- Logo
- Interactive map of the Stonewall House area

General information
- Location: 112 Saint Edwards Street, Brooklyn, NY 11205
- Coordinates: 40°41′37″N 73°58′41″W﻿ / ﻿40.69361°N 73.97806°W
- Owner: BFC Partners

Technical details
- Floor count: 17
- Floor area: 124,500 square feet (11,570 m^{2})

Design and construction
- Architecture firm: Marvel

Website
- www.stonewallhousebk.com

= Stonewall House =

Housing development in Brooklyn, New York

Stonewall House is the first affordable, LGBTQ-friendly senior housing development in New York City. Located in the Fort Greene neighborhood of Brooklyn, it is the largest LGBT-friendly senior housing facility in the U.S. Stonewall House was opened in December 2019 by SAGE, an advocacy group for aging LGBTQ people.

==Building features==

The 17 story building contains 145 units: 54 studio apartments and 91 single bedroom apartments. The ground floor contains a community center called SAGE Center Brooklyn.

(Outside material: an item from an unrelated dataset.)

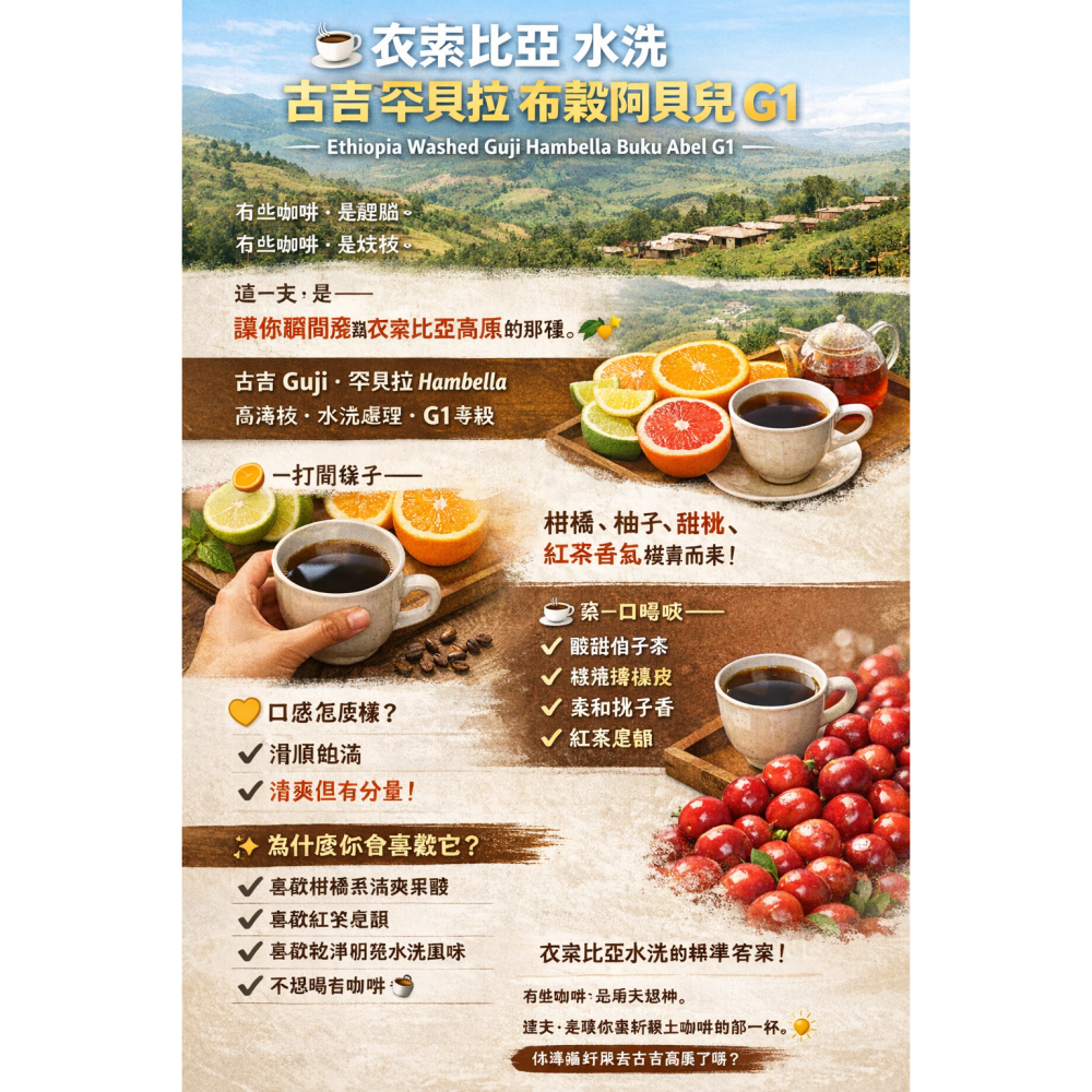 大家知道我對生活品質很挑剔吧?布穀阿貝兒(Buku Abel)這個產區在古吉本來就是傳奇等級。這款 G1 等級的水洗豆,它走的是一種「極致乾淨」且「層次豐富」的路線。
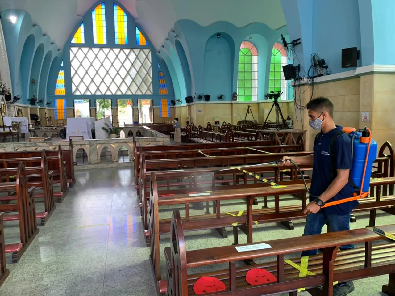 Tudo que é orientação estamos cumprindo: máscara, distanciamento, álcool em gel. Também aproveitamos os momentos de preleção para orientar a comunidade sobre os cuidados"

The community center is 7000 sqft. The architect was Marvel and the owner is BFC Partners.

==Services==

The Stonewall House provides housing for adults age 62 or older who make less than or equal to half of the area's median income. Residents pay no more than 30 percent of their income for rent, due to the project-based Section 8 contract.

A community center is also run within the building. This community center hosts weekly movies, special events, field trips. The center also provides meals and activities for people over 60.